__REQUIRED WORK__: Below is a listing; retype exactly the lines between the one containing "Estructura: tablero paneles" and the one containing "Rất đông người", inclusive, minus the pictures.

__INFORMATION__:
╔══
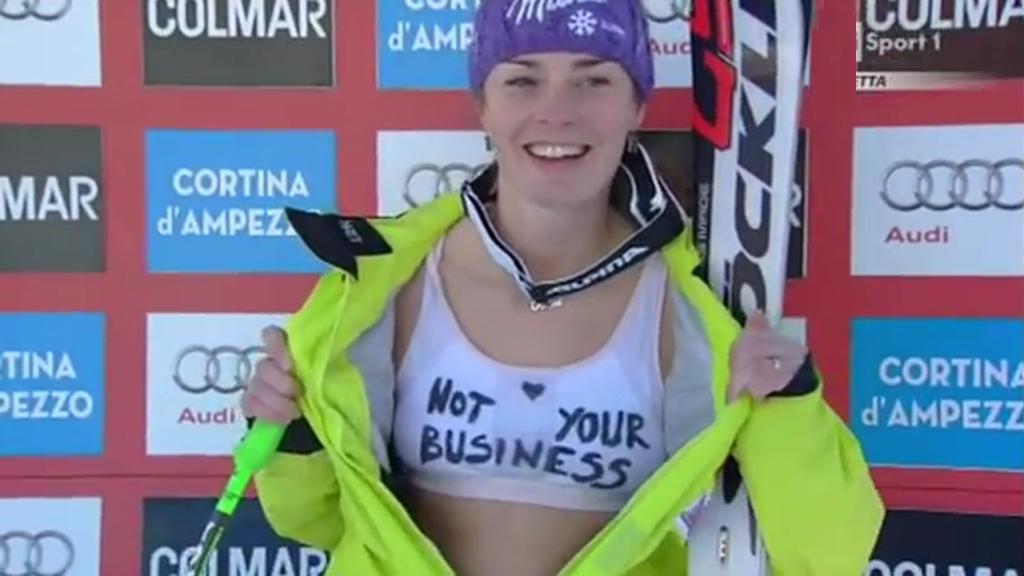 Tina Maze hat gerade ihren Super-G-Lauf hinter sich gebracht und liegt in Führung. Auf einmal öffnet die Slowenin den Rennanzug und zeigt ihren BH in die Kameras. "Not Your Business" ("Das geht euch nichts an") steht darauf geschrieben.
╚══
╔══
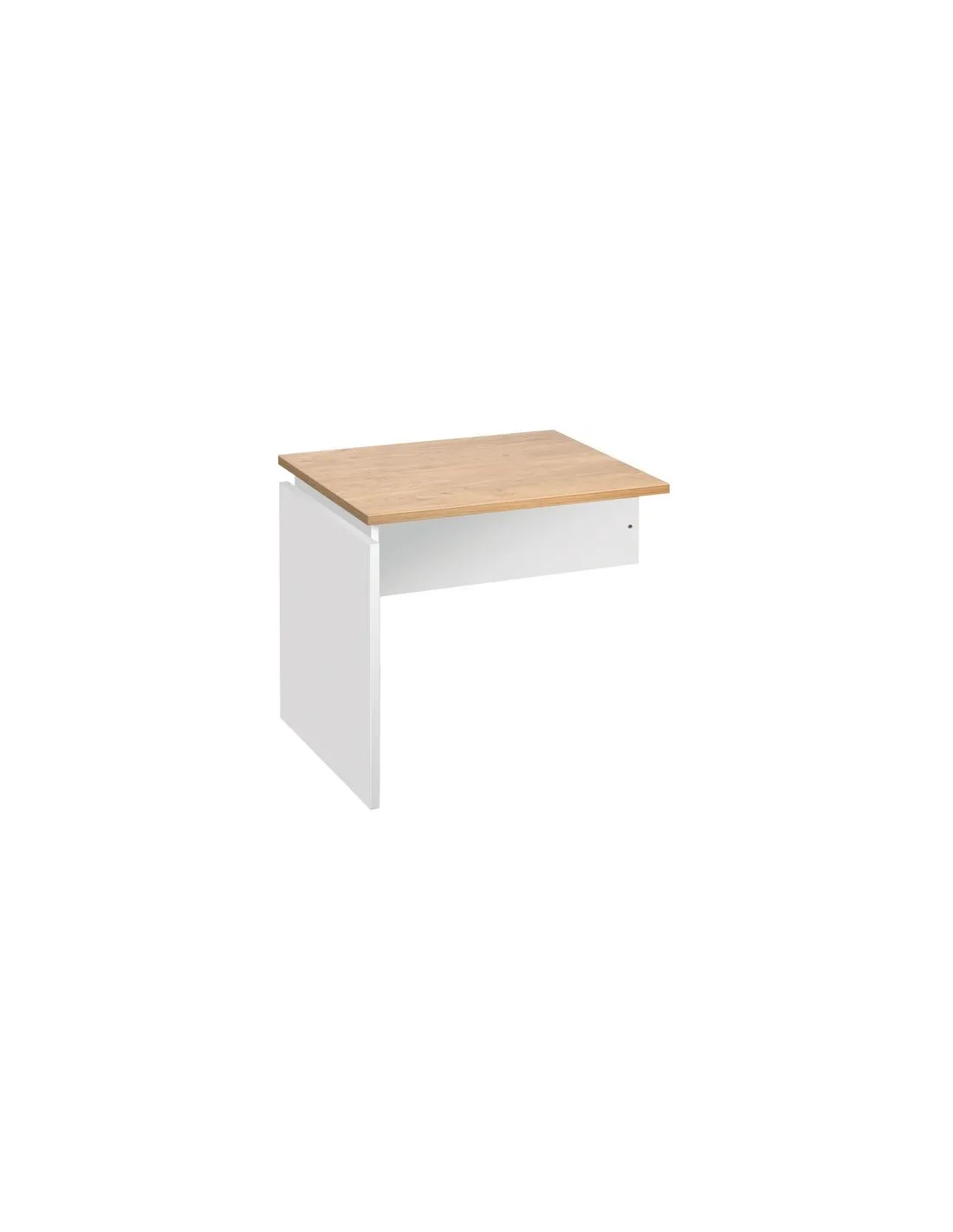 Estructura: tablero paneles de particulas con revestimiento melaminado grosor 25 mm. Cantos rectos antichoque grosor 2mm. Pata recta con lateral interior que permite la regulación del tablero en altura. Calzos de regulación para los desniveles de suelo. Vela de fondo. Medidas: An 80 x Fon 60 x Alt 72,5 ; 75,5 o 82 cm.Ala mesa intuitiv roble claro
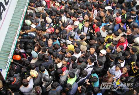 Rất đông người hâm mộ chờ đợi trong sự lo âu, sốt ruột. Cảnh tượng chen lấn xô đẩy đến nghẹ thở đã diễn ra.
╚══
╔══
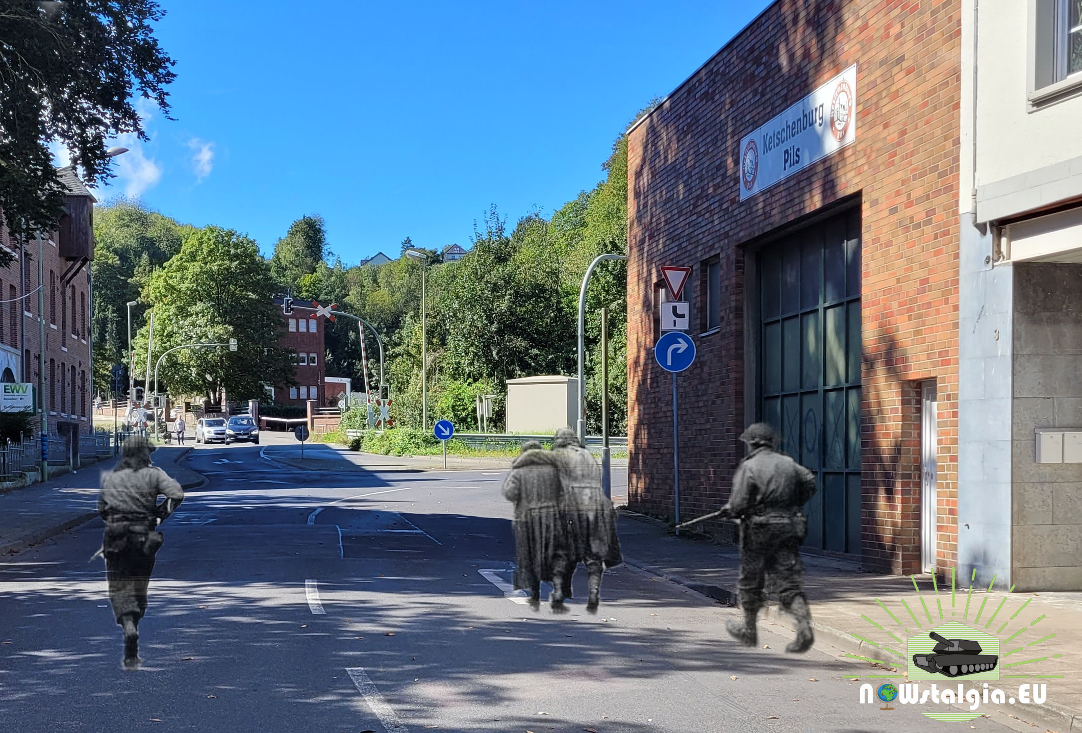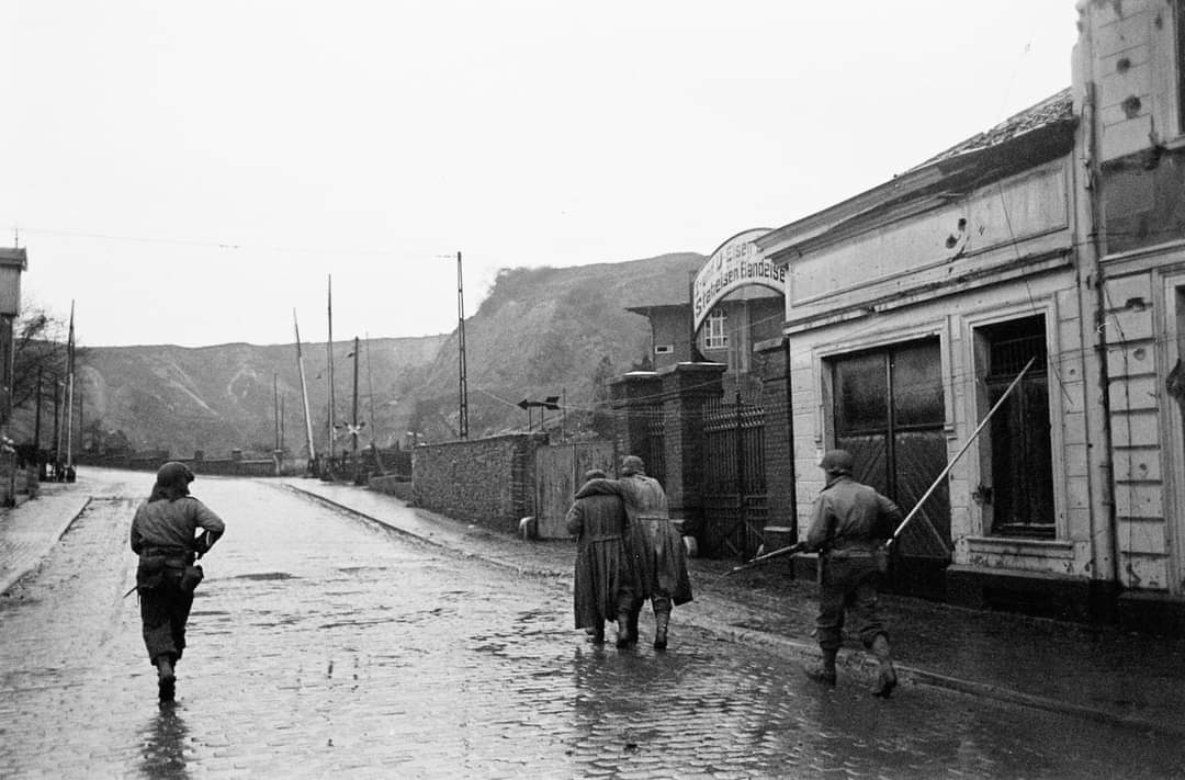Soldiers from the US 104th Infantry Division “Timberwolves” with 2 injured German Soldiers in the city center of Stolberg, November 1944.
╚══
__RESPONSE TO THIS EXERCISE__:
 Estructura: tablero paneles de particulas con revestimiento melaminado grosor 25 mm. Cantos rectos antichoque grosor 2mm. Pata recta con lateral interior que permite la regulación del tablero en altura. Calzos de regulación para los desniveles de suelo. Vela de fondo. Medidas: An 80 x Fon 60 x Alt 72,5 ; 75,5 o 82 cm.Ala mesa intuitiv roble claro
 Rất đông người hâm mộ chờ đợi trong sự lo âu, sốt ruột. Cảnh tượng chen lấn xô đẩy đến nghẹ thở đã diễn ra.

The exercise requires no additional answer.